The Network Effects of Obesity
According to a study published in the New England Journal of Medicine, your friends can make you fat. So can your siblings or spouse, although less so. (Your neighbors, apparently, cannot.)
Among the 12,000+ people monitored over a 30-year span:
A person’s chances of becoming obese increased by 57% if he or she had a friend who became obese in a given interval. Among pairs of adult siblings, if one sibling became obese, the chance that the other would become obese increased by 40%. If one spouse became obese, the likelihood that the other spouse would become obese increased by 37%. These effects were not seen among neighbors in the immediate geographic location.

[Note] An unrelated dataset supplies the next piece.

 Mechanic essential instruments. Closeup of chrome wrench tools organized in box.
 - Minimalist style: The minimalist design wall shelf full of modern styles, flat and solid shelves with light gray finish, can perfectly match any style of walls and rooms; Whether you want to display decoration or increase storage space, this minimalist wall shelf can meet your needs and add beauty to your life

The study’s conclusion: “Obesity appears to spread through social ties.”
The full report is here. For a more humorous commentary, go here instead.
Chris Waugh illustrated these network effects in his fantastic talk at The Vine, drawing upon IDEO’s work with the CDC to counteract youth obesity, including the powerful (and poignant) example of Pie Ranch.
Kudos also to Dr. Richard Jackson, who introduced this topic two years ago at our inaugural meeting. Jackson addressed the impact of the built environment on our health and wellness, and he showed us the alarming medical and societal ramifications of obesity — to name just one: the airline industry burns an additional 350 million gallons of fuel per year because of overweight passengers — exacerbated by neighborhoods designed for cars, not humans.
This is not to let individuals off the hook. Certainly your health is, first and foremost, your responsibility.
But the influence of your community — both social and physical — appears to be profound.